**What needs to be done**. Word for word, restate the entries below, but exclude the images.

**Given data**.
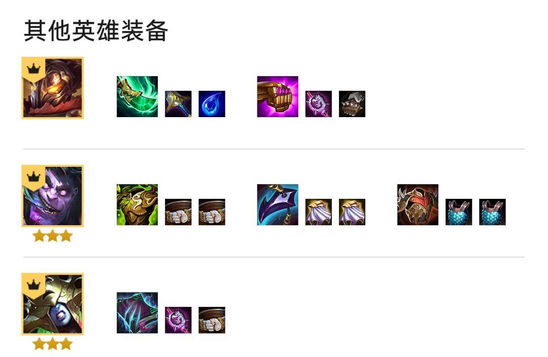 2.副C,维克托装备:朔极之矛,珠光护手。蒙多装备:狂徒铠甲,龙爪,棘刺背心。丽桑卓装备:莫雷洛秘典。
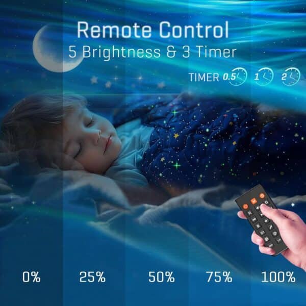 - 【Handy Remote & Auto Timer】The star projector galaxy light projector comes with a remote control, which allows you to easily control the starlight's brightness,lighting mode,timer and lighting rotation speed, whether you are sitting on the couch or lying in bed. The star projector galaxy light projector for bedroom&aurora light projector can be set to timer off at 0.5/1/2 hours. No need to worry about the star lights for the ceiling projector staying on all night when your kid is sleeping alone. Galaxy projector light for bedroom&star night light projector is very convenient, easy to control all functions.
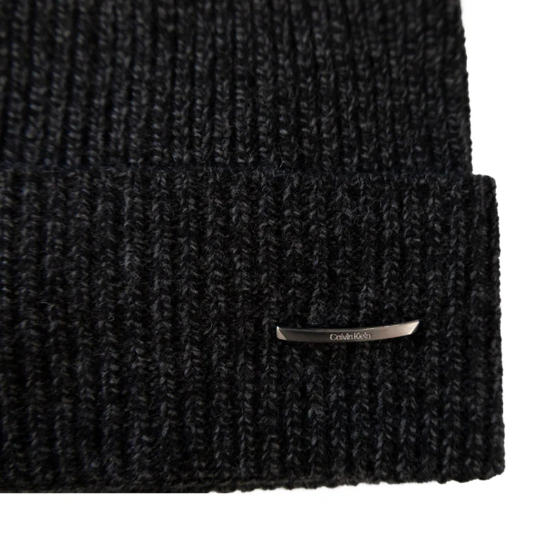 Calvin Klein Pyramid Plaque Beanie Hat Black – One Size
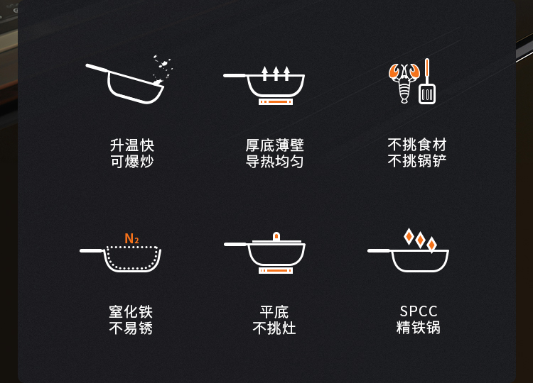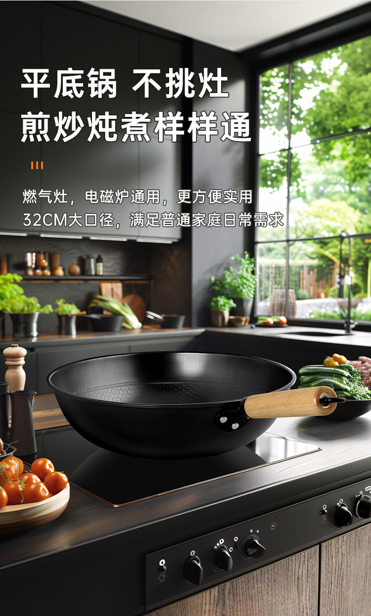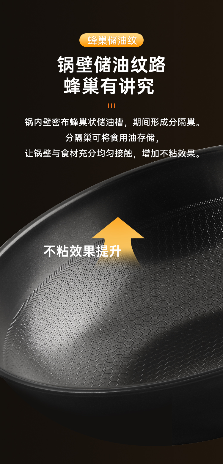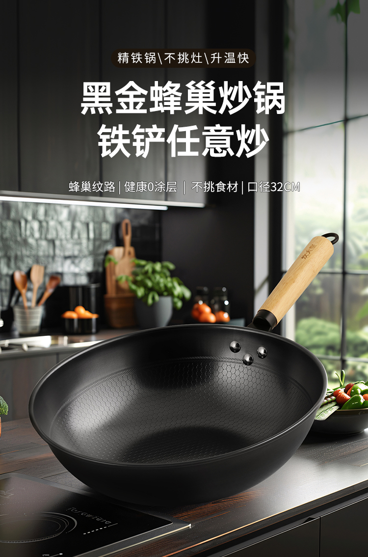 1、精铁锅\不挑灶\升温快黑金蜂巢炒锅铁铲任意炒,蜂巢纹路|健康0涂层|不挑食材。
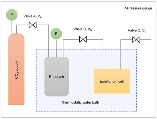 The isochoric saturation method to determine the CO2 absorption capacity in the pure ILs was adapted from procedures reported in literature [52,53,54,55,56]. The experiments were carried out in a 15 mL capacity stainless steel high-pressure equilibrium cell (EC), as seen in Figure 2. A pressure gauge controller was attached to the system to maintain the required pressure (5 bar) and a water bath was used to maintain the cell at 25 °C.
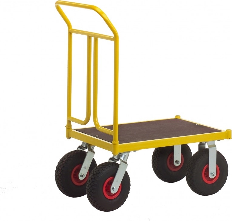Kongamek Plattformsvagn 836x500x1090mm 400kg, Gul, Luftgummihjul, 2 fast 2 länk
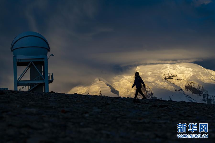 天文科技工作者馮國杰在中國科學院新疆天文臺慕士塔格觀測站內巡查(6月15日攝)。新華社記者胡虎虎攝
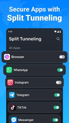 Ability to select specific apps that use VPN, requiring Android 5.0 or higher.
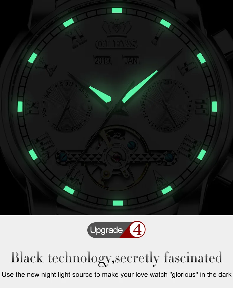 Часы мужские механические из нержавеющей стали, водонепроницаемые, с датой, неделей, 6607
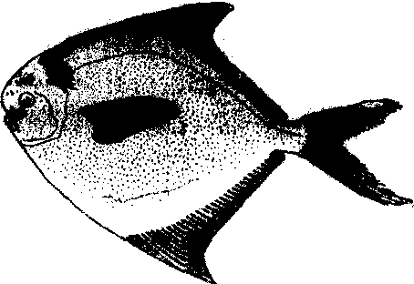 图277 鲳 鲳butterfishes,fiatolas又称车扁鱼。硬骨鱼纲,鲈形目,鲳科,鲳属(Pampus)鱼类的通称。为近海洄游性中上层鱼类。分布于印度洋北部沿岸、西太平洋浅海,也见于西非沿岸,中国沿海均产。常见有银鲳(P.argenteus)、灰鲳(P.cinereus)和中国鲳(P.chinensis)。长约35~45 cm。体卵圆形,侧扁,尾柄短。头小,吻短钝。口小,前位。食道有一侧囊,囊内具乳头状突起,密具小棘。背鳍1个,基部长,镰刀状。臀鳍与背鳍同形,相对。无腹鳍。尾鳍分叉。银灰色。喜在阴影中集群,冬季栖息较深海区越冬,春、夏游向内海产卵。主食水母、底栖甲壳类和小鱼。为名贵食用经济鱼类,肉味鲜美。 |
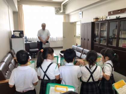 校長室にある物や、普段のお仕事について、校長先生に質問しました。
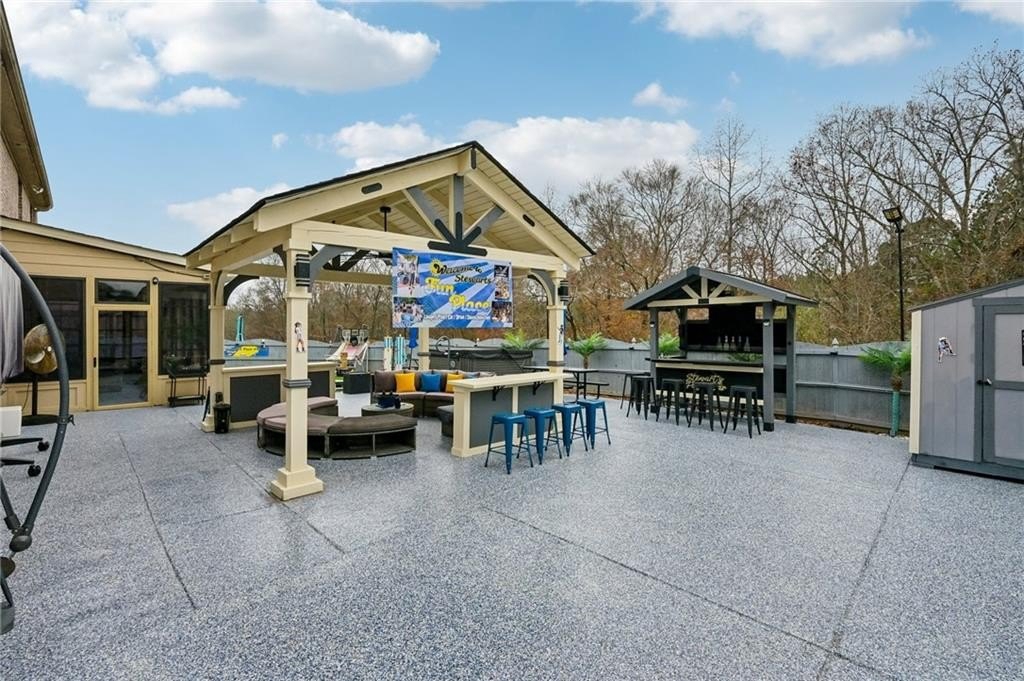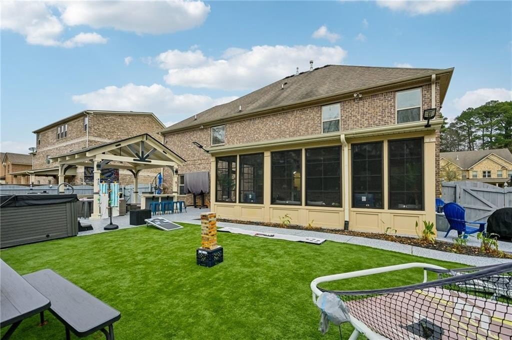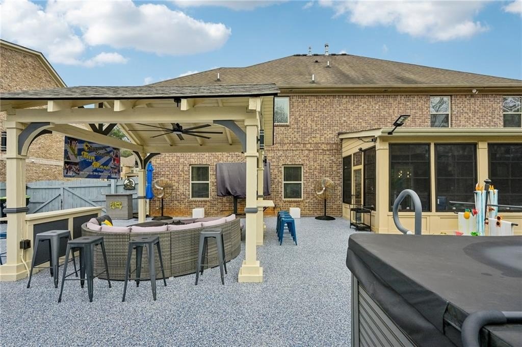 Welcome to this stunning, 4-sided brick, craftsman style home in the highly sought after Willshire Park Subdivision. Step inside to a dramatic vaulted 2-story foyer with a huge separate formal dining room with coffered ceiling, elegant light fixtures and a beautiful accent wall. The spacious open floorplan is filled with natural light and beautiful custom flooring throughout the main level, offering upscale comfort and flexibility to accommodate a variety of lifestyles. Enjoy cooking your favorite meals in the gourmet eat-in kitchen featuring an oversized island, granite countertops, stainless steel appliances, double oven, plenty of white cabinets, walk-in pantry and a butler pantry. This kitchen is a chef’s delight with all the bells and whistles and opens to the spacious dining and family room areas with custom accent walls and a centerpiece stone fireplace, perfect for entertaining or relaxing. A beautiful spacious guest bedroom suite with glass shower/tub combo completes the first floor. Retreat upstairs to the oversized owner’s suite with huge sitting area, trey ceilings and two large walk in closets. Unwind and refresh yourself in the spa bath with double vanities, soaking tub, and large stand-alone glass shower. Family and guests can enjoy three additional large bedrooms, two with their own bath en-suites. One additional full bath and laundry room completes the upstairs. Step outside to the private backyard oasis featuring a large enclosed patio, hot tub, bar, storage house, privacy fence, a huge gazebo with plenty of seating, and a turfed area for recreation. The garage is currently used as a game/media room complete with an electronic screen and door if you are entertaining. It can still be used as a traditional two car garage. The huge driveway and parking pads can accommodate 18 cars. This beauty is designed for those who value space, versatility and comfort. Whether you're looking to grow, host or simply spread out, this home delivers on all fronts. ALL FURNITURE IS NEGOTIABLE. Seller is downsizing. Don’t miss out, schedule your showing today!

**Your solution**.
 2.副C,维克托装备:朔极之矛,珠光护手。蒙多装备:狂徒铠甲,龙爪,棘刺背心。丽桑卓装备:莫雷洛秘典。
 - 【Handy Remote & Auto Timer】The star projector galaxy light projector comes with a remote control, which allows you to easily control the starlight's brightness,lighting mode,timer and lighting rotation speed, whether you are sitting on the couch or lying in bed. The star projector galaxy light projector for bedroom&aurora light projector can be set to timer off at 0.5/1/2 hours. No need to worry about the star lights for the ceiling projector staying on all night when your kid is sleeping alone. Galaxy projector light for bedroom&star night light projector is very convenient, easy to control all functions.
 Calvin Klein Pyramid Plaque Beanie Hat Black – One Size
 1、精铁锅\不挑灶\升温快黑金蜂巢炒锅铁铲任意炒,蜂巢纹路|健康0涂层|不挑食材。
 The isochoric saturation method to determine the CO2 absorption capacity in the pure ILs was adapted from procedures reported in literature [52,53,54,55,56]. The experiments were carried out in a 15 mL capacity stainless steel high-pressure equilibrium cell (EC), as seen in Figure 2. A pressure gauge controller was attached to the system to maintain the required pressure (5 bar) and a water bath was used to maintain the cell at 25 °C.
Kongamek Plattformsvagn 836x500x1090mm 400kg, Gul, Luftgummihjul, 2 fast 2 länk
 天文科技工作者馮國杰在中國科學院新疆天文臺慕士塔格觀測站內巡查(6月15日攝)。新華社記者胡虎虎攝
 Ability to select specific apps that use VPN, requiring Android 5.0 or higher.
 Часы мужские механические из нержавеющей стали, водонепроницаемые, с датой, неделей, 6607
 图277 鲳 鲳butterfishes,fiatolas又称车扁鱼。硬骨鱼纲,鲈形目,鲳科,鲳属(Pampus)鱼类的通称。为近海洄游性中上层鱼类。分布于印度洋北部沿岸、西太平洋浅海,也见于西非沿岸,中国沿海均产。常见有银鲳(P.argenteus)、灰鲳(P.cinereus)和中国鲳(P.chinensis)。长约35~45 cm。体卵圆形,侧扁,尾柄短。头小,吻短钝。口小,前位。食道有一侧囊,囊内具乳头状突起,密具小棘。背鳍1个,基部长,镰刀状。臀鳍与背鳍同形,相对。无腹鳍。尾鳍分叉。银灰色。喜在阴影中集群,冬季栖息较深海区越冬,春、夏游向内海产卵。主食水母、底栖甲壳类和小鱼。为名贵食用经济鱼类,肉味鲜美。 |
 校長室にある物や、普段のお仕事について、校長先生に質問しました。
 Welcome to this stunning, 4-sided brick, craftsman style home in the highly sought after Willshire Park Subdivision. Step inside to a dramatic vaulted 2-story foyer with a huge separate formal dining room with coffered ceiling, elegant light fixtures and a beautiful accent wall. The spacious open floorplan is filled with natural light and beautiful custom flooring throughout the main level, offering upscale comfort and flexibility to accommodate a variety of lifestyles. Enjoy cooking your favorite meals in the gourmet eat-in kitchen featuring an oversized island, granite countertops, stainless steel appliances, double oven, plenty of white cabinets, walk-in pantry and a butler pantry. This kitchen is a chef’s delight with all the bells and whistles and opens to the spacious dining and family room areas with custom accent walls and a centerpiece stone fireplace, perfect for entertaining or relaxing. A beautiful spacious guest bedroom suite with glass shower/tub combo completes the first floor. Retreat upstairs to the oversized owner’s suite with huge sitting area, trey ceilings and two large walk in closets. Unwind and refresh yourself in the spa bath with double vanities, soaking tub, and large stand-alone glass shower. Family and guests can enjoy three additional large bedrooms, two with their own bath en-suites. One additional full bath and laundry room completes the upstairs. Step outside to the private backyard oasis featuring a large enclosed patio, hot tub, bar, storage house, privacy fence, a huge gazebo with plenty of seating, and a turfed area for recreation. The garage is currently used as a game/media room complete with an electronic screen and door if you are entertaining. It can still be used as a traditional two car garage. The huge driveway and parking pads can accommodate 18 cars. This beauty is designed for those who value space, versatility and comfort. Whether you're looking to grow, host or simply spread out, this home delivers on all fronts. ALL FURNITURE IS NEGOTIABLE. Seller is downsizing. Don’t miss out, schedule your showing today!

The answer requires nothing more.